No caso do Brasil, quais implicações de um longo processo de violência escravista podem
ter sido transpostas para a violência contra mulheres? Ou ainda, não é exagero afirmar
que no Brasil ainda prevalece o mais grotesco índice de violência, a média de idade de
uma transexual é de 35 anos. De onde e como esta barbaridade tem estreita relação com
o assassinato de jovens negros? Desenterrar estes silenciamentos é poder falar que a
violência sexual contra mulheres era a regra do regime escravista.

Em regime de violência não há diálogo, mas silenciamentos. Esta interdição parece ser
replicada e mantida ao longo da nossa história comum. Os vários regimes ditatoriais ao
longo da Lusofonia têm de modos variados cassado o lugar da fala, a praça, aquele lugar
onde real e simbólico que Sócrates abordava os atenienses na Grécia do século V a.C, não
tem muito espaço entre nós. Pelo que nos leva à escassez de recursos para resolução dos
conflitos mais prosaicos em nossas tecituras sociais.

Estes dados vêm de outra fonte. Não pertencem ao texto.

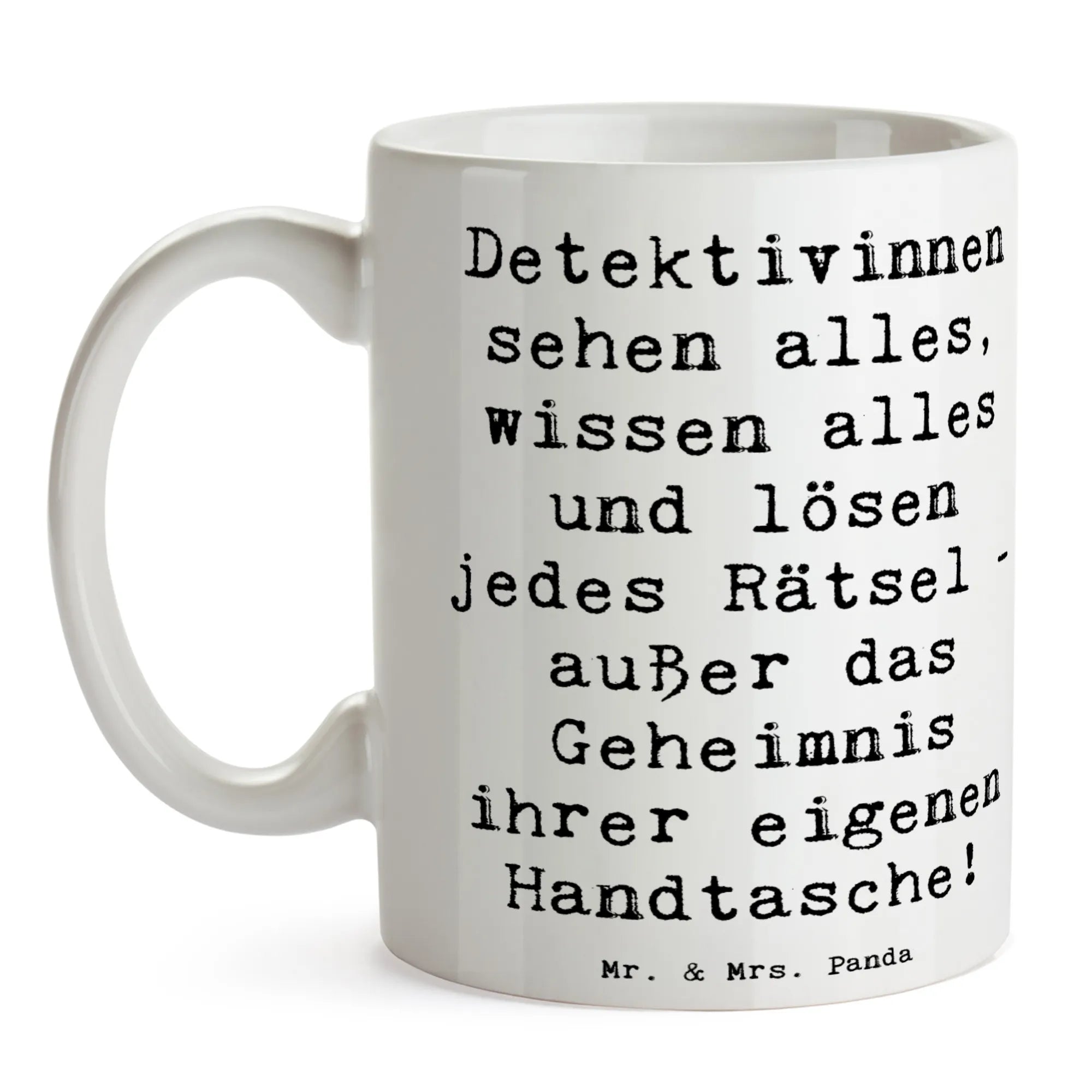 Tasse Spruch Detektivinnen sehen alles, wissen alles und lösen jedes Rätsel - außer das Geheimnis ihrer eigenen Handtasche! Kaffeetasse, Porzellantasse, Tasse mit Motiven, Tasse mit Zitaten, Geschenktasse, Tasse, Keramiktasse, Bürotasse, Teetasse, Beruf, Ausbildung, Jubiläum, Abschied, Rente, Kollege, Kollegin, Geschenk, Schenken, Arbeitskollege, Mitarbeiter, Firma, Danke, Dankeschön
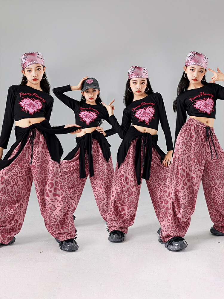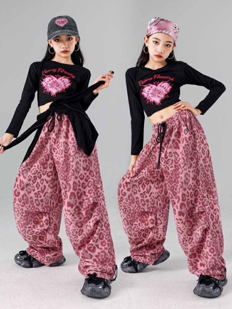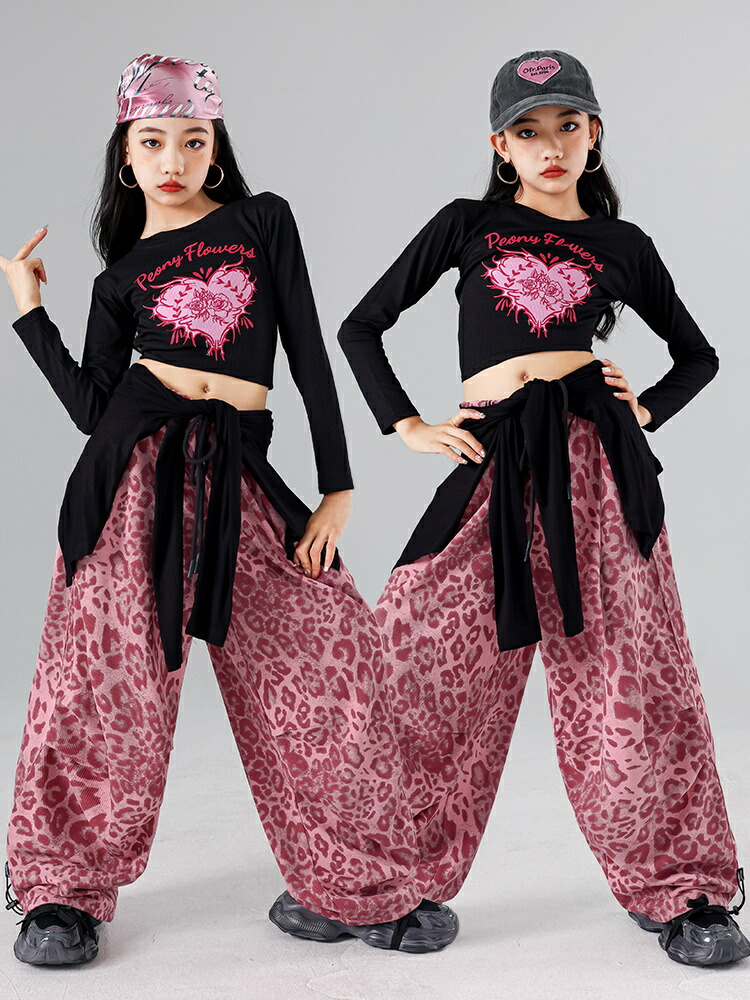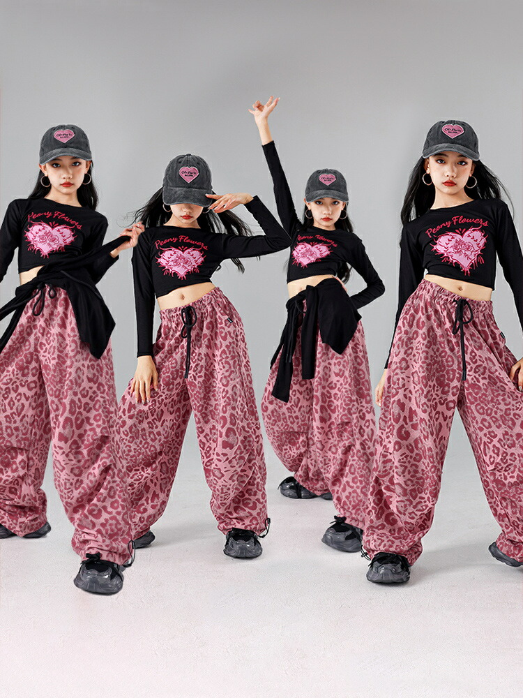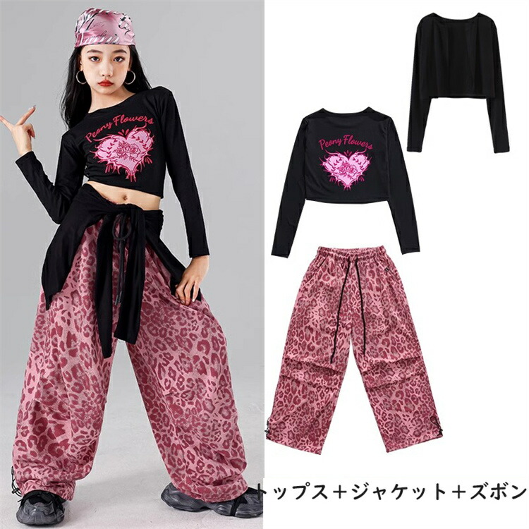 ヒョウ柄 子供服 キッズ ダンス衣装 キッズ スーツ カジュアルセットアップ カジュアルパンツセット 続々登場 トップス+ズボン トップス+ズボン+ジャケット ハート柄トップスのみ ヒョウ柄パンツのみ 黒ジャケットのみ 110 120 130 140 150 160 170

O silenciamento nos gera a falta de intimidade e conexão com os nossos mais próximos,
de modo dissimulado, e mais agudo com os Outros da grande pátria cultural. Temos uma
narração em comum, mas ela é de silenciamentos, e por este silêncio aflora a angústia e
a desconfiança. Gerando o paradoxo de nos atrairmos, pois temos traços comuns que nos
permitem querer conhecer os elementos não-comuns, mas este projeto nunca se
consolida, não consegue ultrapassar as desconfianças e avançar para uma criatividade
cultural coletiva mais alargada. O medo de falar abertamente impede a criação de laços
mais profundos. Sendo ilustrado pelo que Mia Couto (2009) denominou de “meia voz”
ou em “diafonia”, como forma de expressividade da Lusofonia.

Estes não ditos perpetuam estereótipos e tabus. Romper os pontos silenciados na


Lusofonia é essencial para construir relações mais saudáveis e fortalecer a comunidade.
Através do diálogo aberto e da escuta ativa, podemos superar barreiras invisíveis e
construir uma comunicação mais autêntica e profunda. As mídias sociais têm sido uma
importante ferramenta para este nosso conhecimento mútuo, ainda que às vezes pode ser
lugar de propagar justamente estereótipos. Jovens engajados na produção de conteúdos
digitais têm sido um farol neste sentido. Especialmente conteúdos dedicados à arte do
entretenimento. Mais tímido tem sido o uso das Tecnologias de Informação e
Comunicação aplicadas à Educação, em especial em projetos públicos/estatais com a
https://mindelinsite.com/opiniao/os-silencios-na-lusofonia/

finalidade de promover esta aproximação da vida universitária. Hoje, esta é a via mais
factível e salutar de sermos uma comunidade efetiva.